- Theatrical release poster
- Directed by: Harsha Pulipaka
- Screenplay by: Harsha Pulipaka
- Story by: Harsha Pulipaka
- Produced by: Akhilesh Vardhan Srujan Yarabolu
- Starring: Brahmanandam Swathi Reddy Shivathmika Rajashekar Rahul Vijay Samuthirakani Naresh Agasthya Divya Sripada Srividya Vikas Aadarsh Balakrishna
- Cinematography: Raj K. Nalli
- Edited by: Garry BH
- Music by: Prashanth R Vihari Shravan Bharadwaj
- Production companies: Ticket Factory S Originals
- Release date: 9 December 2022;
- Country: India
- Language: Telugu

= Panchathantram =

2022 Telugu anthology film

Panchathantram is a 2022 Indian Telugu-language anthology film written and directed by Harsha Pulipaka, and produced by Ticket Factory and S Originals. The star cast of the film Brahmanandam, Swathi Reddy, Samuthirakani, Naresh Agatsya, Sri Vidya Maharshi, Rahul Vijay, Shivathmika Rajashekar, Divyavani, DivyaSripada, Vikas, Praanya P Rao, Aadarsh Balakrishna, and Uttej. The soundtrack was composed by Prashanth R Vihari and Shravan Bharadwaj.

== Plot ==
This is a blend of five different stories each dealing with a life event tied to one sense organ.
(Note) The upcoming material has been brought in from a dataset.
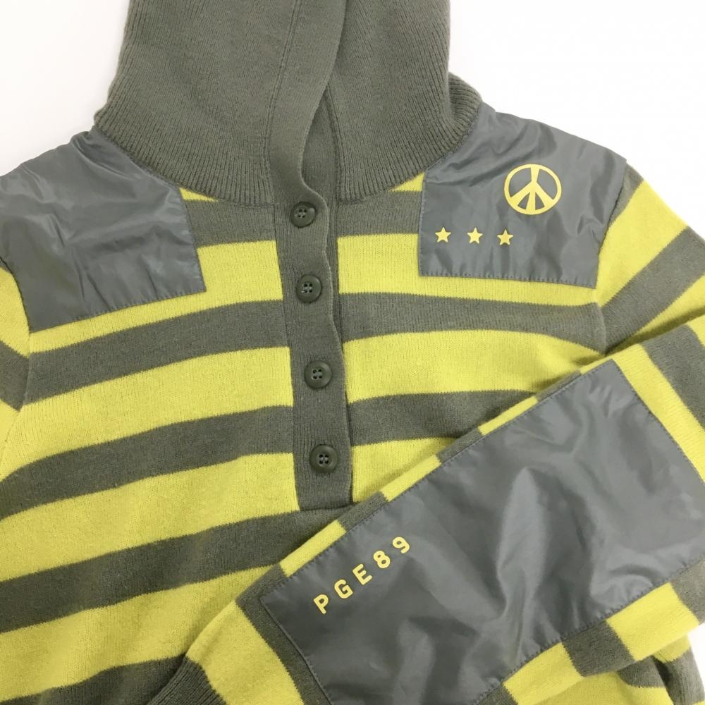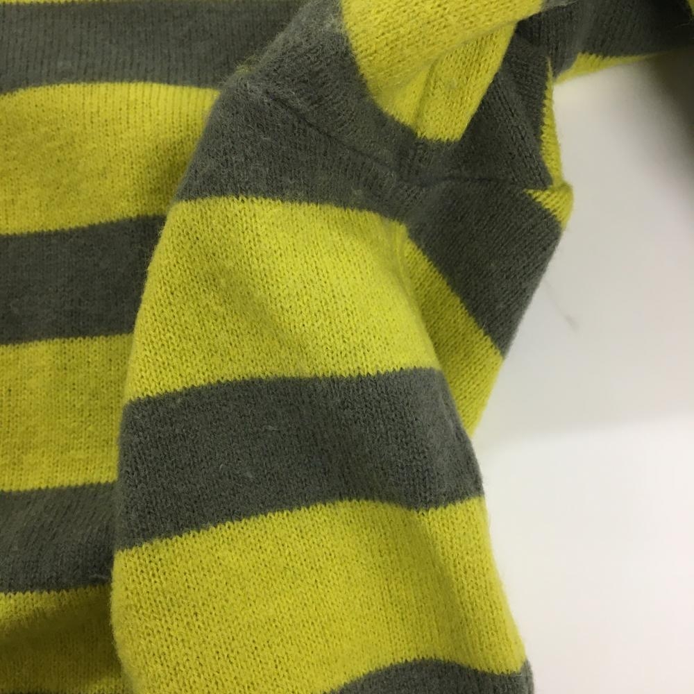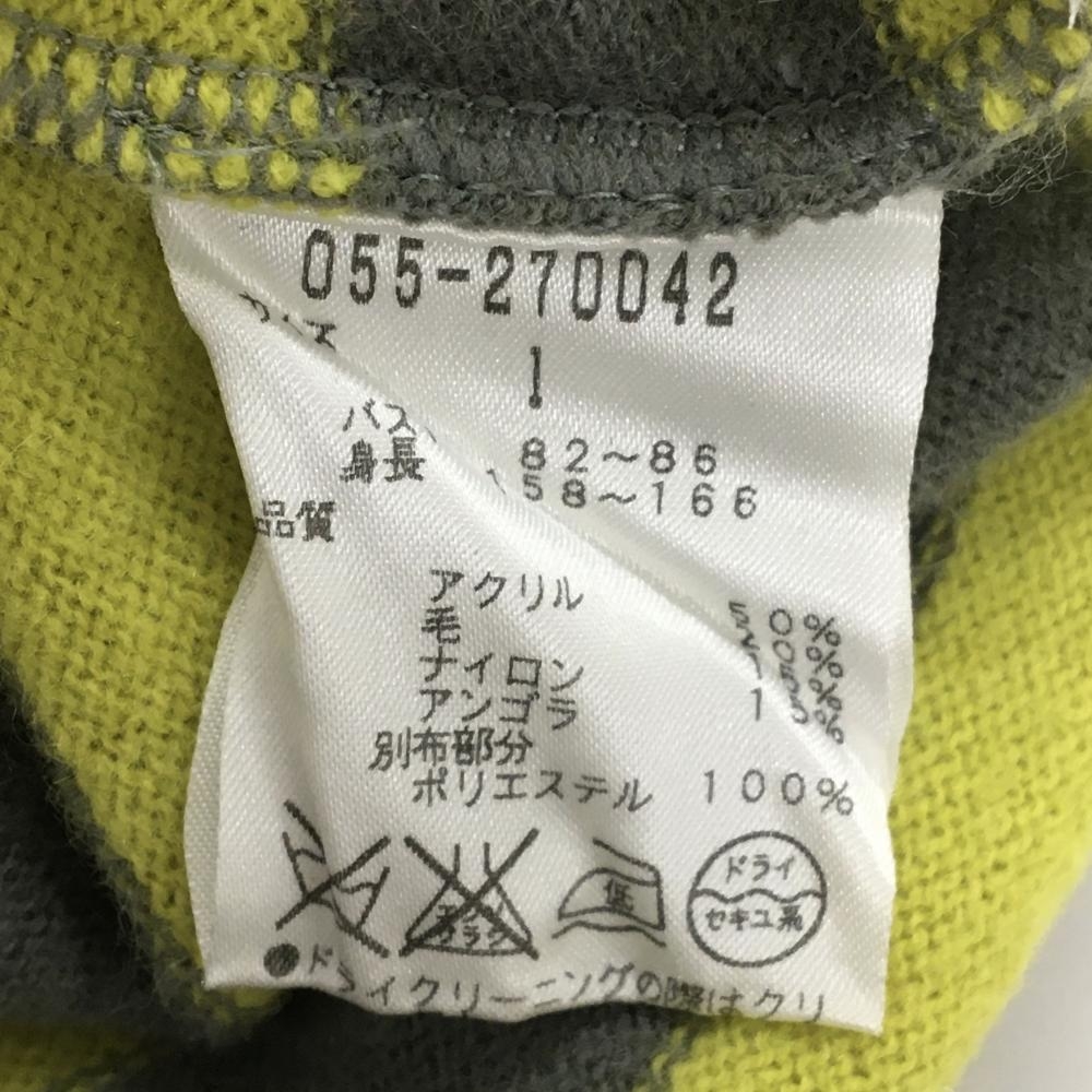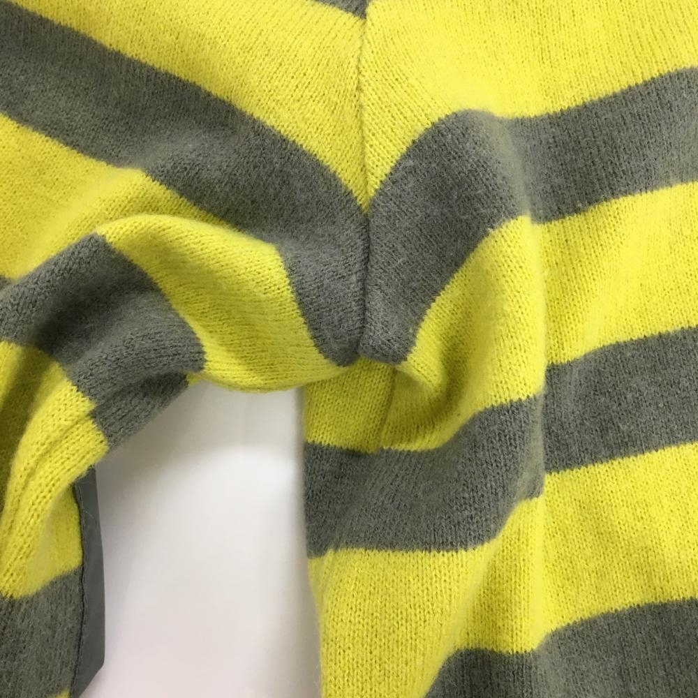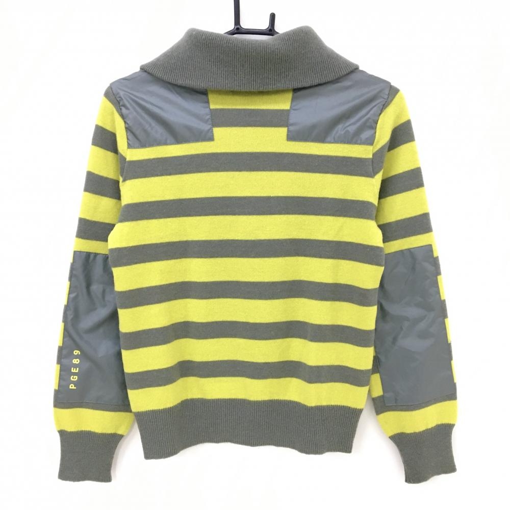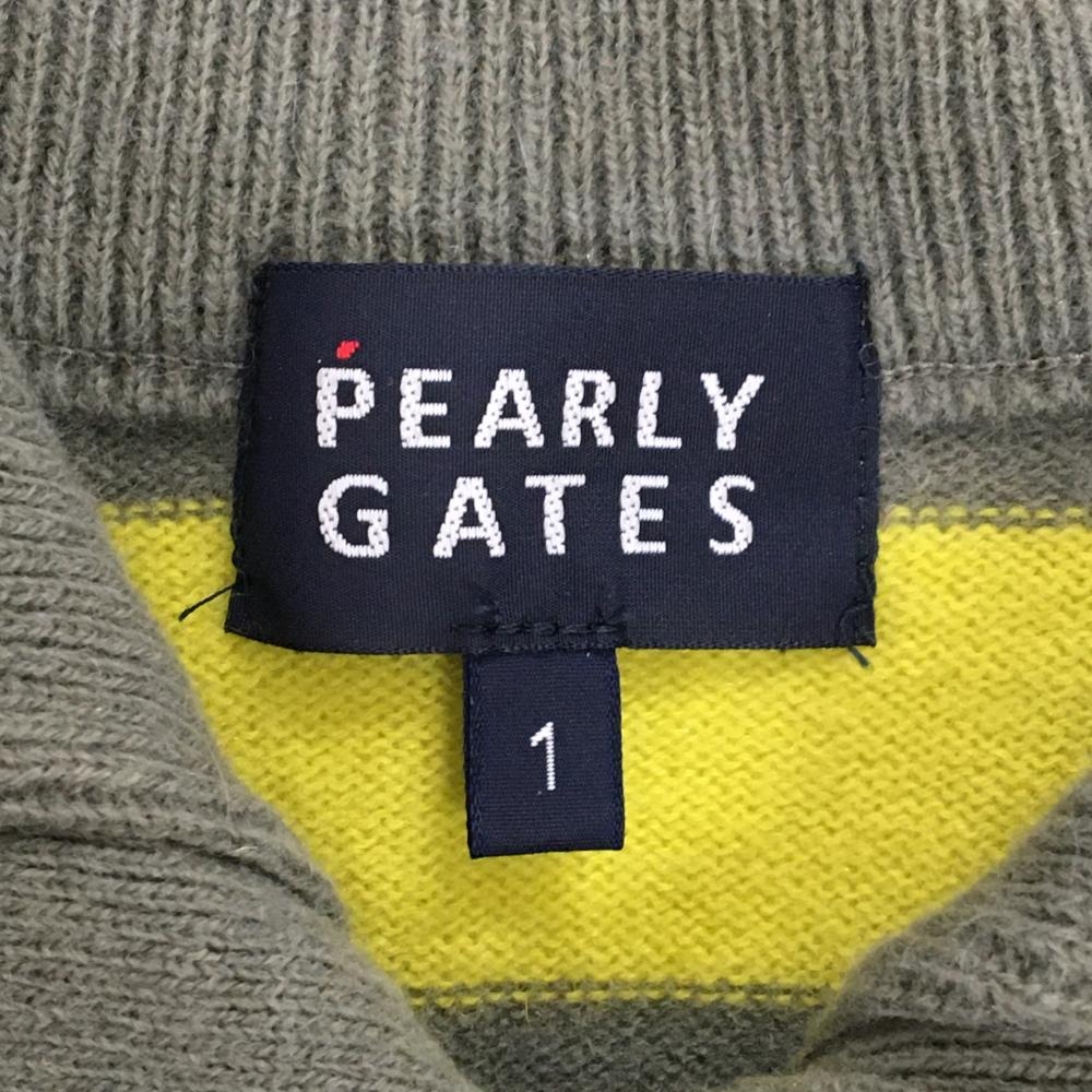 【美品】パーリーゲイツ 襟付セーター グレー×イエロー ボーダー アンゴラ混 ニット レディース 1(M) ゴルフウェア PEARLY GATES

These stories of Sight, Smell, Sound, Taste, and Touch embark on a quest of Peace, Fear, Will, Love, and Tenacity through enchanted dramatic narratives breaking the language barriers. Vedavyas, a 63-year-old gets shortlisted for a storytelling competition alongside five young writers where each one of them has to narrate five stories under a single theme. The winner gets a publishing contract to kick-start their career. Both the crowd and the organizers are surprised to see the old man beside the young finalists. No one takes him seriously. Handling all the ridicule from them, Vyas expresses his theme, ‘The five senses. The five stories that Vyas shares with the audience are what our anthology is about.

Life of Vyas A 63-year-old widower who lives with his daughter after retiring from All India Radio. When Vyas expresses his idea to start a career in writing novels, his daughter disapproves. She instead suggests he stay at home and rest. Vyas resists and the discussion turns into an argument where Vyas states that he isn't done yet!

== Cast ==

| Prelude | The Postcard (segment: Sight) | Subha-Lekha(segment: Taste) | The Scent of Red(segment: Smell) | The Kick (segment: Touch) | Leia - the purple-caped superhero (segment: Hearing) |
|---|---|---|---|---|---|
| Brahmanandam as Vedavyas; Swathi Reddy as Roshni; | Naresh Agatsya as Vihari; Sri Vidya Maharshi as Mythri; | Rahul Vijay as Subhash; Shivathmika Rajashekar as Lekha; | Samuthirakani as Ramanatham; Divyavani as Ramanatham's wife; | Vikas as Shekar; Divya Sripada as Devi; | Swathi Reddy as Chitra; Uttej as Sambaiah; Praanya P Rao as Roopa; Aadarsh Balakrishna as Chithra's partner; |

== Reception ==
Jeevi of Idlebrain.com wrote that "On the whole, Panchathantram is a sensible movie made with honesty. But not good enough to engage in theaters". A critic from The Hindu wrote that "Certain portions of the anthology call for patient viewing while other portions can leave us with a smile".